▸ **Exercise brief**
Copy exactly the lines of the records below, starting at the line that contains "Tornozeleira Coraçõezinhos Folheada" and continuing through the last line, both included; omit any pictures.

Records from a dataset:
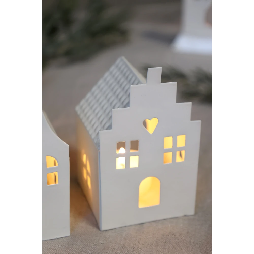 Das Set besteht aus zwei unterschiedlichen Häuschen, jeweils mit liebevoll gestalteten Details: Das eine Haus besitzt ein geschwungenes Giebel‑Dach mit herzförmigen Fenstern, während das andere einen klassischen Satteldach‑Look mit quadratischen Fenstern zeigt. Beide sind aus robustem Eisen gefertigt und in einem zarten Creme‑Ton pulverbeschichtet. Durch die Öffnung an der Rückseite lassen sich Teelichter einfach einsetzen, und die kleinen Lichthäuser werfen stimmungsvolle Schatten – ideal für festliche Abende.
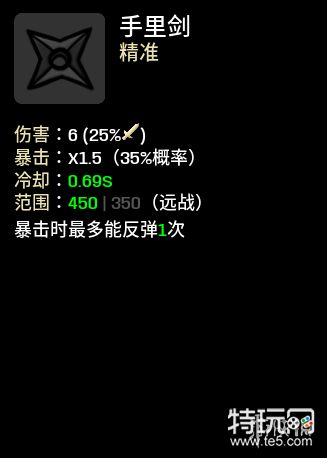 这样就可以帮助玩家在前期拥有很不错的强度,同时手里剑还可以再暴击的时候反弹一次。
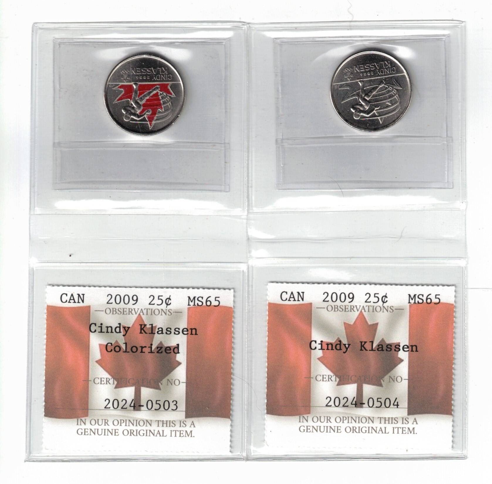 MS65-2009 Cindy Klassen 25¢ x 2 Colored-No color, PCCS Graded
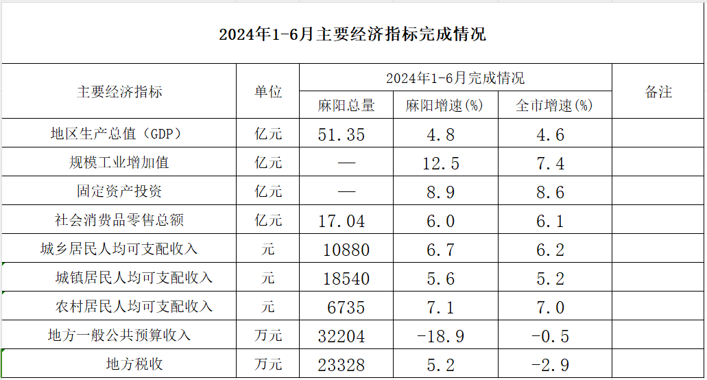 麻陽苗族自治縣2024年1-6月主要經濟指標完成情況
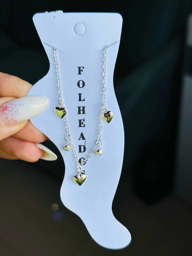 Tornozeleira Coraçõezinhos Folheada a Prata 925 com 30 Milésimos
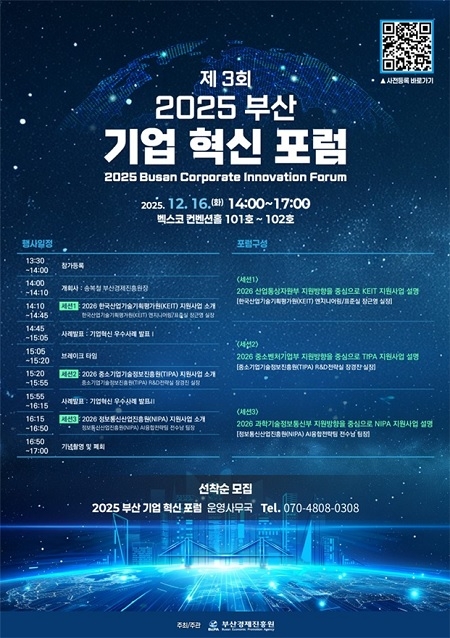 부산경제진흥원이 오는 16일 BEXCO 컨벤션홀에서 ‘제3회 2025 부산 기업 혁신 포럼’을 개최한다고 9일 밝혔다.

▸ **Task output**
 Tornozeleira Coraçõezinhos Folheada a Prata 925 com 30 Milésimos
 부산경제진흥원이 오는 16일 BEXCO 컨벤션홀에서 ‘제3회 2025 부산 기업 혁신 포럼’을 개최한다고 9일 밝혔다.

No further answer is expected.